● **TASK ITEM**
Repeat every line from the line containing "Parasol Vega 3x3" to the end of the data, exactly. Leave the pictures out.

● **EXERCISE DATA**
'''
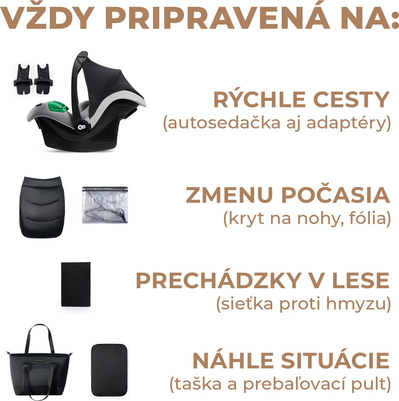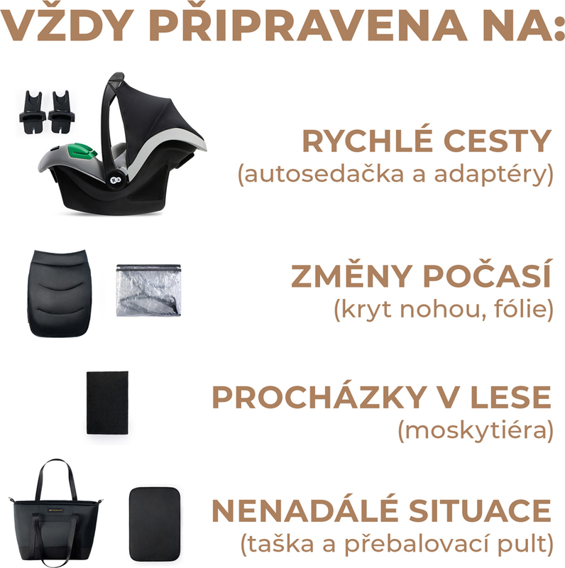 A kocsi praktikus kiegészítőkkel érkezik: elegáns táska utazó pelenkázó alátéttel, esővédő, rovarháló, gyermekülés adapterekkel, matrac a mózeskosárhoz, lábzsák (sportkocsihoz és mózeskosárhoz is).
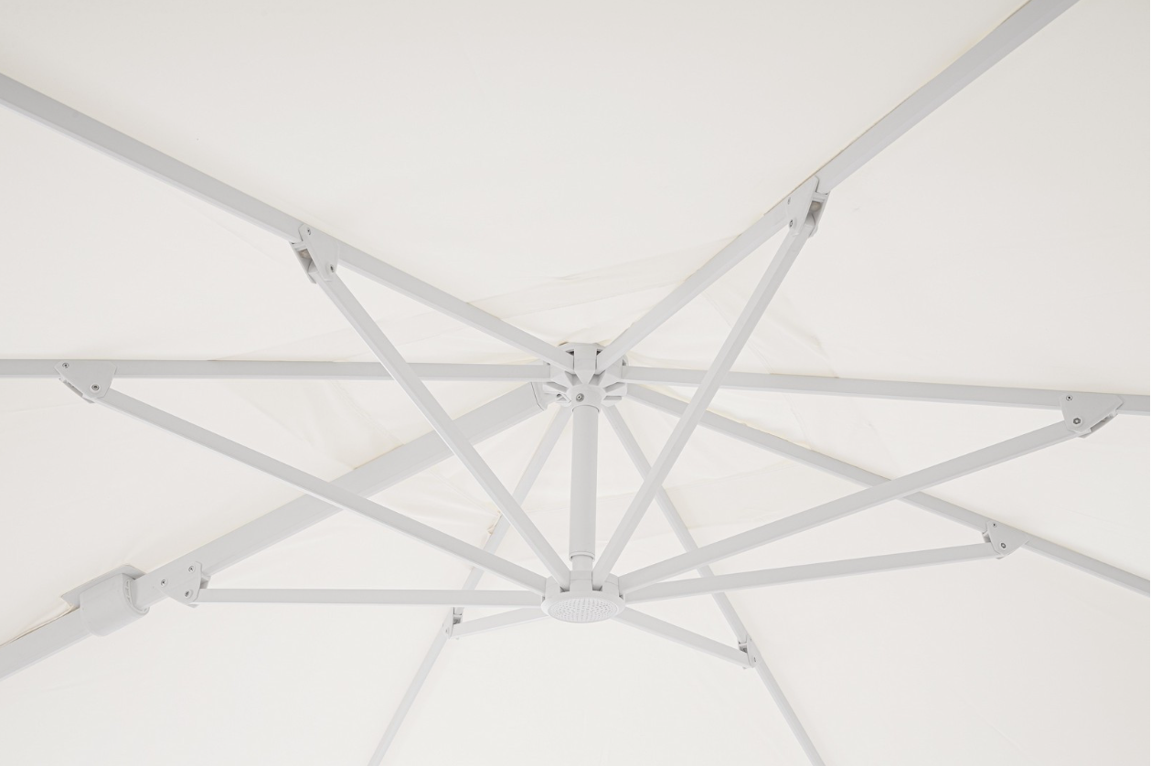 Parasol Vega 3x3 m – Monochromatyczna biel w geometrycznej formie
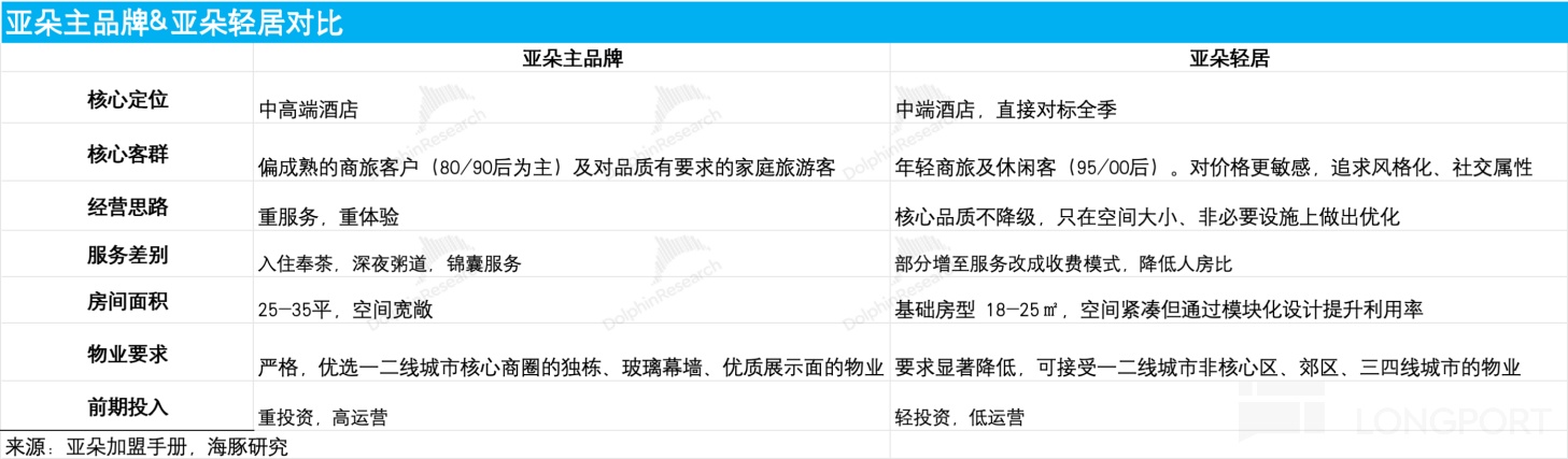 海豚君在下表做了对比,从中可以看到,相较于亚朵主品牌,轻居在睡眠体验(床垫、床品、枕头)、洗浴用品、服务基因等顾客的核心体验维度与主品牌均保持一致,只是在房间的空间大小、增值服务上进行了差异化精简,但品牌调性并没有发生实质性改变。
'''
● **ANSWER BOX**
 Parasol Vega 3x3 m – Monochromatyczna biel w geometrycznej formie
 海豚君在下表做了对比,从中可以看到,相较于亚朵主品牌,轻居在睡眠体验(床垫、床品、枕头)、洗浴用品、服务基因等顾客的核心体验维度与主品牌均保持一致,只是在房间的空间大小、增值服务上进行了差异化精简,但品牌调性并没有发生实质性改变。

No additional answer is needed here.